**Task objective**
Scan the records below and report how many lines include the string "para"; the number alone will do.

(Beginning of Material provided)

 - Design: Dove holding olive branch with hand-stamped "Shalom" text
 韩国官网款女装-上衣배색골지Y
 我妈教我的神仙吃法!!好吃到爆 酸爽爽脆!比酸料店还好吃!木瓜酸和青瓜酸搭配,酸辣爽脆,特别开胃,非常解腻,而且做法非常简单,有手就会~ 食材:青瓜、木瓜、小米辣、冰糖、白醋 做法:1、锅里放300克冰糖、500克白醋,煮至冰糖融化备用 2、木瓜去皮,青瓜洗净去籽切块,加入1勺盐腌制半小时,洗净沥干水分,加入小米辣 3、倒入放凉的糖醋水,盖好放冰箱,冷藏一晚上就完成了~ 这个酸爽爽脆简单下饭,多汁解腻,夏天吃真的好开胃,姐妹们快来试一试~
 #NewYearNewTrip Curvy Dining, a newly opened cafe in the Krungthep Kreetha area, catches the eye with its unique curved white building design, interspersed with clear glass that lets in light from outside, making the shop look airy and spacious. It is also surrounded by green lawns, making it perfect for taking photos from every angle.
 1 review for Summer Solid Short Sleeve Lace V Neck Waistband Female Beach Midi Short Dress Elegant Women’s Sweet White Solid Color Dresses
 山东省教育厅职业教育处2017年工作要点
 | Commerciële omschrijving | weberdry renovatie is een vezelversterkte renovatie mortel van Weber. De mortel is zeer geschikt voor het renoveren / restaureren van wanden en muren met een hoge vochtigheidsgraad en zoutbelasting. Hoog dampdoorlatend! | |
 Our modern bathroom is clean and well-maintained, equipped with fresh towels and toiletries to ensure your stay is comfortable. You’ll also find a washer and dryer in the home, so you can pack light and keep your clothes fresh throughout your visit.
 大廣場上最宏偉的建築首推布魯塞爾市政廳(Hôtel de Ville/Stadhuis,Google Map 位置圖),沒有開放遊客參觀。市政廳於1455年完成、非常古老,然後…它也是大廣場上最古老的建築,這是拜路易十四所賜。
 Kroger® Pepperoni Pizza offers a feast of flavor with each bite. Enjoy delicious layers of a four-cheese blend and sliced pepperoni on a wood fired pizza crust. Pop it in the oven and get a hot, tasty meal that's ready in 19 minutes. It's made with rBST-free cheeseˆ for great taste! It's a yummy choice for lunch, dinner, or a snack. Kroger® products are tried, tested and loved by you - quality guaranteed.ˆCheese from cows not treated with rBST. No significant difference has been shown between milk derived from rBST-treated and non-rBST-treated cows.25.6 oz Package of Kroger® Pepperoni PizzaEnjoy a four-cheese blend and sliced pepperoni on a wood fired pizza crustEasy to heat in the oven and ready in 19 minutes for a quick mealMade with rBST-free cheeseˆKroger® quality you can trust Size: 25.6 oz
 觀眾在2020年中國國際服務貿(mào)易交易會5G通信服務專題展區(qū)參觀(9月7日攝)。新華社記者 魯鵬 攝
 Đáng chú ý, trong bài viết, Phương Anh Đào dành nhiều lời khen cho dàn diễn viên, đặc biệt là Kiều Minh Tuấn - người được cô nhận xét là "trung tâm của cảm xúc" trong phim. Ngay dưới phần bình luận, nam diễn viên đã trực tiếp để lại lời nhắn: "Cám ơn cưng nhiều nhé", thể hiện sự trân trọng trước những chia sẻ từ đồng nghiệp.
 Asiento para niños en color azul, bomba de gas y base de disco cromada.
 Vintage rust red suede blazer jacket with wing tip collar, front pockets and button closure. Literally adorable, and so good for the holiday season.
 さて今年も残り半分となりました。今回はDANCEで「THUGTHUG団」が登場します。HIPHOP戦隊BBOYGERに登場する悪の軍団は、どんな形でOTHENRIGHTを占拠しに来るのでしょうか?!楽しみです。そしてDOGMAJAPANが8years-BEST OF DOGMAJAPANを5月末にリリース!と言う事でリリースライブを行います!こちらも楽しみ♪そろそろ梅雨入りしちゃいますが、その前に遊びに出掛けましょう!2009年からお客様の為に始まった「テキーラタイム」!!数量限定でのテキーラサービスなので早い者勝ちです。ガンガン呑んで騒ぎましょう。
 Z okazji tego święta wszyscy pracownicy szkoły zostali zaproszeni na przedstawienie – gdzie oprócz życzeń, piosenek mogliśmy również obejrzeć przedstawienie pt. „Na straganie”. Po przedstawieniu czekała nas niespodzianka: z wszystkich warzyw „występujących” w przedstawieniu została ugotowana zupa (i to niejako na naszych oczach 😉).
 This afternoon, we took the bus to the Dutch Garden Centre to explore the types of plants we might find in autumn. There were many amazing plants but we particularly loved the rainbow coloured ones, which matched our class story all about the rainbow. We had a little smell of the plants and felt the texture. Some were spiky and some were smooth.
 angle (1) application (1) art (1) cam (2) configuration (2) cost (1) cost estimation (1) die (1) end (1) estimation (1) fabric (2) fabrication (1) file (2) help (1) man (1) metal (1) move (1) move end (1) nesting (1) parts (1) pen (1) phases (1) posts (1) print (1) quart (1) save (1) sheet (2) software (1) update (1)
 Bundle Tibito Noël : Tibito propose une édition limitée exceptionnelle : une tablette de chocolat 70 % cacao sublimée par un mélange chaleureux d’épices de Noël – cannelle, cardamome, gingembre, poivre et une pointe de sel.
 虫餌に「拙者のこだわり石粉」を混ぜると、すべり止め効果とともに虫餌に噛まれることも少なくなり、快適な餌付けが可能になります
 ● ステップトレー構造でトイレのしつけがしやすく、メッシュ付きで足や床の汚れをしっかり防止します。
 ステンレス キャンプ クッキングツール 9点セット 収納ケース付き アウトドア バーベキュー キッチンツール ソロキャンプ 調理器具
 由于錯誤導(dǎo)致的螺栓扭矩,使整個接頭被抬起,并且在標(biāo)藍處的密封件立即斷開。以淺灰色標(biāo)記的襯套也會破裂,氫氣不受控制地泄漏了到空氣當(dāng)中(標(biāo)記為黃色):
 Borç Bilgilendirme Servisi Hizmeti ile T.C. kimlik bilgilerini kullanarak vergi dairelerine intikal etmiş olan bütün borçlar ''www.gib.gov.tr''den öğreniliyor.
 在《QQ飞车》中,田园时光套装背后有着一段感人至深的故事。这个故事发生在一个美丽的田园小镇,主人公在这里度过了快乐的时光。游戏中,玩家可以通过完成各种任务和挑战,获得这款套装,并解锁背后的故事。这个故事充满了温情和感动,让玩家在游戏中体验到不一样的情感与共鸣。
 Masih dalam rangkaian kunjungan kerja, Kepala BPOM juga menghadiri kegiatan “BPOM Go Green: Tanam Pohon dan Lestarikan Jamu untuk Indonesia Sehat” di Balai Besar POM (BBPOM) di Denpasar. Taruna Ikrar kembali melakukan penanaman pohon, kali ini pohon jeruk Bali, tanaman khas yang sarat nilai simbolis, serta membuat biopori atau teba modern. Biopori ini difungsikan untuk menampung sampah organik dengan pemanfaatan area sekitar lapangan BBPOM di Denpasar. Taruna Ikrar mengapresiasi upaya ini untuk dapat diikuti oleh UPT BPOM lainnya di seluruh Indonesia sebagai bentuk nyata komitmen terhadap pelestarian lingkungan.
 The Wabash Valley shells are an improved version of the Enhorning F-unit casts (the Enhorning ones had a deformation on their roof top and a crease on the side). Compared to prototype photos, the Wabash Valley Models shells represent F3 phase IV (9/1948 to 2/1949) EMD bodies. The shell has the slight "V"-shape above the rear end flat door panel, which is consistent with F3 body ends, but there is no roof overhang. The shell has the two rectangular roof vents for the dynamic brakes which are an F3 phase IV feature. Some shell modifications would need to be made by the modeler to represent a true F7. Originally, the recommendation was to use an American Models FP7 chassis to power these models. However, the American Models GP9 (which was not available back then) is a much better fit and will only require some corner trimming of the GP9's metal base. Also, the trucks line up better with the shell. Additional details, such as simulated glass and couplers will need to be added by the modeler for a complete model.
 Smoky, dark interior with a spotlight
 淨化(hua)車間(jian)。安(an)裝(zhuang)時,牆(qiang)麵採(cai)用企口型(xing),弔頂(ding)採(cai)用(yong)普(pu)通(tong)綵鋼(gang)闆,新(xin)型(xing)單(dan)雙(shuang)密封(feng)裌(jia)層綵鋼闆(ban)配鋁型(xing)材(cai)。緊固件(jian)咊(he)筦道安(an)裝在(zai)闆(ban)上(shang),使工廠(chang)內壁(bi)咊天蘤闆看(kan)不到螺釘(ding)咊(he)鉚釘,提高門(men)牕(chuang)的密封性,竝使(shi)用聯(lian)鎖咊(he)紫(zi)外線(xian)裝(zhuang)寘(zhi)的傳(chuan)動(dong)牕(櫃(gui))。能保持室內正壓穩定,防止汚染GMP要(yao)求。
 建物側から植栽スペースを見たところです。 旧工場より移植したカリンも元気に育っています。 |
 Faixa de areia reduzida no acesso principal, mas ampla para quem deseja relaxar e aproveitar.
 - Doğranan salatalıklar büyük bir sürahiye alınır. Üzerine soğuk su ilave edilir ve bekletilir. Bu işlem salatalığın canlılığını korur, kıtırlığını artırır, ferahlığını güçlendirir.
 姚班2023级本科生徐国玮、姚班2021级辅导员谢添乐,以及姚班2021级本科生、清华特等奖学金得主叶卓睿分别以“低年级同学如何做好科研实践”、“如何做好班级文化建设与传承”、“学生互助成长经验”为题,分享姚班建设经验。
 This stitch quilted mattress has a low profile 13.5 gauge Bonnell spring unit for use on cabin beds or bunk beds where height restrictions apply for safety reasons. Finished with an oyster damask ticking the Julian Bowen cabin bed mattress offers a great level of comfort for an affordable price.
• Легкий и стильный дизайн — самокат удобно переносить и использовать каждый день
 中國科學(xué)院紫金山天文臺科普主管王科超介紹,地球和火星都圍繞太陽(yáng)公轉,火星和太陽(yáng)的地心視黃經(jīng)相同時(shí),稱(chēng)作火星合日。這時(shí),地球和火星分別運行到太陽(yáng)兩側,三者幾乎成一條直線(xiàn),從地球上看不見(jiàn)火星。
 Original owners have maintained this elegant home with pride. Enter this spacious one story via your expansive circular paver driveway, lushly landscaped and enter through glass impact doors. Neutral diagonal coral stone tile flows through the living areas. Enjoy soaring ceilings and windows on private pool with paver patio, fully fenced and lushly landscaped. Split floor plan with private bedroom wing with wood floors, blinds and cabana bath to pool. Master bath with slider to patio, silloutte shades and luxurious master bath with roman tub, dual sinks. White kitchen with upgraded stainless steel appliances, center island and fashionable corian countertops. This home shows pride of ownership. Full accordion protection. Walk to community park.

(End of Material provided)

**Task answer**
2